No philosopher has yet appeared who has realised as it should be realised, the creative power of the human mind. Behind these brownish-coloured, pulled-down blinds on the way to St. Edmund's pottery, where all those little town-council houses carried their red-tiled roofs so trim, there emerged from Cordelia's mind as she stood with her staring, swimming, dazed eyes fixed on her mate and her awkward elbow propped on that ridiculous mantelpiece, such an intensity of feeling that it had the power to draw out of the air, although she knew it not, these wandering half-lives. Any clairvoyant sense could have seen them there hovering about her body, and making their weak, chittering signals to the subhuman progeny of her womb, whose embryo consciousness must have been on a level with their own half-created fumblings. But why did this thick, dumb, numb, down-dragging pull of cosmic entropy, this dark gravitation-weight, sinking into decomposition and dissolution, tug at those two just then, at the man in the purple chair, with the tasselled valances trailing upon the floor, and at the woman who had just told him he was a begetter? Was it because—with that iron bar hammering to get out from its locked-up prison—Mr. Evans' fungus-grown mind groped amid after-births and abortions and corpses dead in their travail?

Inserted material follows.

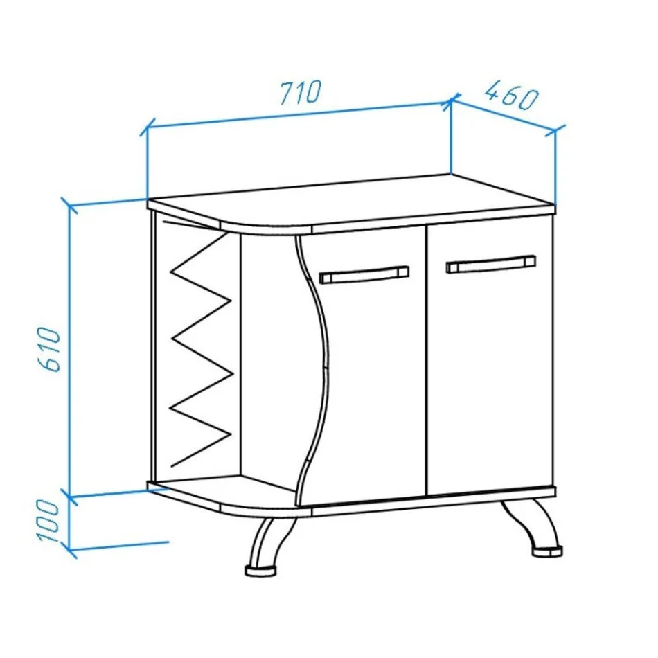 Две распашные дверцы с доводчиками для плавного и бесшумного закрывания.

Whatever the cause may have been of what happened to those two behind those drawn blinds, both visitations came and went in no more than a hundred tickings of the watch in the man's pocket. Phenomena that pass so quickly—thought-eLementals floating in and floating out, and this death-cold touch of the draught of decomposition—surely they are beneath notice, beneath analysis, beneath explanation? On the contrary, the very essence of life is revealed in such fleeting impressions; and in experiences such as these Eternity itself can be heard moaning and weeping, as its Cimmerian waters advance and recede around the lamplit promontories of Time.

“What shall we call him if he's a boy, Owen?” Her voice just then was more than he could bear. Nothing makes human nerves dance with such blind fury as a voice piercing the hollow of the ear at the moment when the will is stretched out like a piece of India rubber on the rack of indecision.

“Torture!” he shouted, sitting up in the purple chair and clutching its elbows furiously, while the rim of her hat was now completely crushed beneath him. “We'll call him Torture; and if she's a girl we'll call her Finis, the End. For she'll be the end. And all is the end.”

Cordy's face went white, white as the surface of the little china pussy-cat which Crummie had given her, and which now fell over sideways as she jerked her arm from the mantelpiece. But she wasn't the daughter of Geard of Glastonbury for nothing. Incontinently she rushed straight to his side.

“You're unhappy, Owen; you're ill; you're hurt. Something horrible's troubling you.”

He pushed her arms away. He lurched to his feet. He bent down and picked up his bowler hat which was lying on its smooth crown, its dirty interior uppermost. “It's nearly sunset,” he muttered. “If I don't go now I'll never go.”

“Where are you going, Owen?”

He looked at her wildly. “Well! he must be stopped, mustn't he? It's one thing or the other, isn't it?”

“What are you talking about, Owen? Are you crazy?”

“Oh, nothing . . . nothing . . . nothing . . . nothing!” he muttered. “You don't want to see me in the dock, do you? In the dock, woman!” These last words came from him with a wild shout.

Cordy glanced at the brown blinds which were bulging a little. There was a wind blowing up. She went to the door leading into the passage, locked it, and placed her back against it. “You don't leave this room, Owen,” she gasped.

He was now buttoning up his black overcoat. His hat was on his head, pressed down so low over his eyes that his eyebrows were invisible. This produced a most curious effect as he glared at her from under its shadow. But an unexpected change of mood came upon him. He began wheedling and coaxing and imploring.